# DIY heater holder out there?



## theoryguru (Oct 11, 2011)

In my experience one of first pieces of equipment to fail is the heater holder, suction cups get hard and one or both fail .. I zip tied a heater to an intake.
My newest Jager came with a decent holder with the largest suction cups I've seen for a heater.

Has anyone rigged anything together for this nuisance?


----------



## Deeda (Oct 12, 2012)

While I haven't done this for a heater YET, I have used the clear acrylic wreath holders to make a hanger for the intake tube for my canister filters. It should work just as well for a heater, especially if you still have the heater holder available. Edit: This also works for some brands of heater brackets! The following pics are for Eheim canisters and heaters.

The 1st picture shows the intake tube attached to the acrylic wreath holder & ready to be placed in the aquarium.



















The 2nd picture is a close up of how I attached the intake tube bracket to the acrylic wreath holder using a #4 x 1/2" long stainless steel screw.










The 3rd picture is how I drilled the intake tube bracket to accept the SS screws.

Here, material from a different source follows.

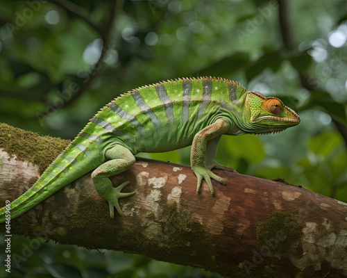 Obraz premium Chameleon Climbing Tree in Rainforest

The 4th picture is a close up of the acrylic wreath holder holes, just line up the bracket, mark the holes and drill the acrylic wreath holder.










I drilled a pilot hole in the wreath holder slightly larger than the S.S. screw diameter so as not to crack the acrylic. Then drilled a hole in the intake tube bracket, where the suction cup used to attach, to accept the screw. Just make sure you don't tighten the screw too tight or you will damage the acrylic or the bracket. You will have to choose the proper screw size depending on the acrylic thickness and heater bracket you have.

It is a really easy project to do. It took me longer to write this & post pics then it would to do the project. The hard part may be finding a wreath hanger at this time of year though you could probably just use some acrylic cut to the dimensions you need and bend it yourself to hang over the tank rim.

Hope this helps.


----------



## theoryguru (Oct 11, 2011)

I love seeing stuff being "re purposed", I hope the $ store has acrylic holders.
Great DIY!


----------